=== Task details ===
The answer is the full listing below, copied exactly, with its pictures omitted.

=== Available data ===

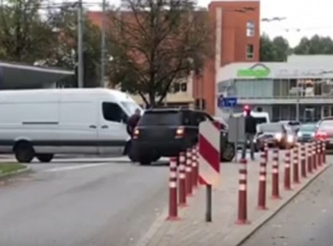 Iesūtītajā videomateriālā redzams, ka ielu nobloķējuši Land Rover Freelander un Volkswagen Krafter autovadītāji. Noprotams, ka Land Rover vadītājs vēlējies apbraukt rindu pirms krustojuma pa pretējā virziena joslu, taču busiņa vadītājs to nebija paredzējis, un izbrauca apvidus automobilim priekšā. Negadījuma rezultātā bija apgrūtināta braukšana pa Šmerļa ielu Mežciema virzienā, autovadītāji sadursmi apbrauca caur trolejbusu galapunktu. Ko šajā situācijā lems apdrošinātāji?!
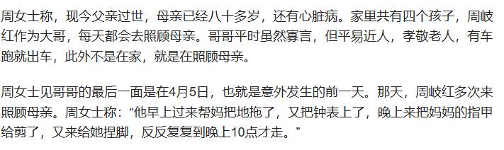 周师傅的家庭条件不算富裕,父亲去世母亲已经八十多岁还有心脏病,周师傅作为大哥,每天都会去照顾母亲,在出事前一天,周师傅曾多次看望母亲,不仅把地拖了,晚上还把母亲的指甲剪了,还给母亲捏脚,一直到晚上十点才走。
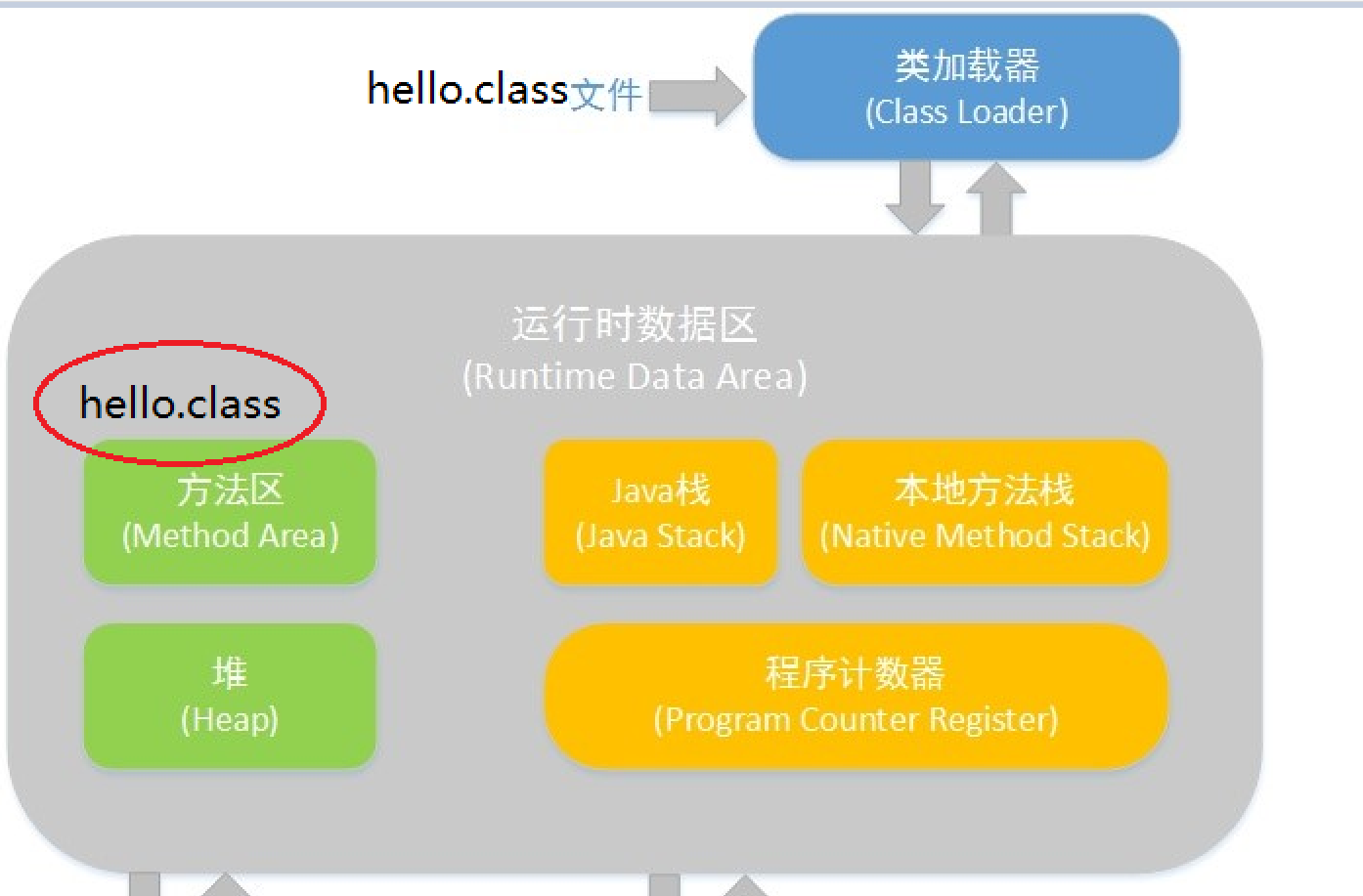 我们使用javac执行编译后,得到class文件,如果我们运行该程序,执行了main函数,其中对hello对象进行了实例化,那么JVM会加载该class文件,并存储到方法区(元空间)

=== Reply ===
 Iesūtītajā videomateriālā redzams, ka ielu nobloķējuši Land Rover Freelander un Volkswagen Krafter autovadītāji. Noprotams, ka Land Rover vadītājs vēlējies apbraukt rindu pirms krustojuma pa pretējā virziena joslu, taču busiņa vadītājs to nebija paredzējis, un izbrauca apvidus automobilim priekšā. Negadījuma rezultātā bija apgrūtināta braukšana pa Šmerļa ielu Mežciema virzienā, autovadītāji sadursmi apbrauca caur trolejbusu galapunktu. Ko šajā situācijā lems apdrošinātāji?!
 周师傅的家庭条件不算富裕,父亲去世母亲已经八十多岁还有心脏病,周师傅作为大哥,每天都会去照顾母亲,在出事前一天,周师傅曾多次看望母亲,不仅把地拖了,晚上还把母亲的指甲剪了,还给母亲捏脚,一直到晚上十点才走。
 我们使用javac执行编译后,得到class文件,如果我们运行该程序,执行了main函数,其中对hello对象进行了实例化,那么JVM会加载该class文件,并存储到方法区(元空间)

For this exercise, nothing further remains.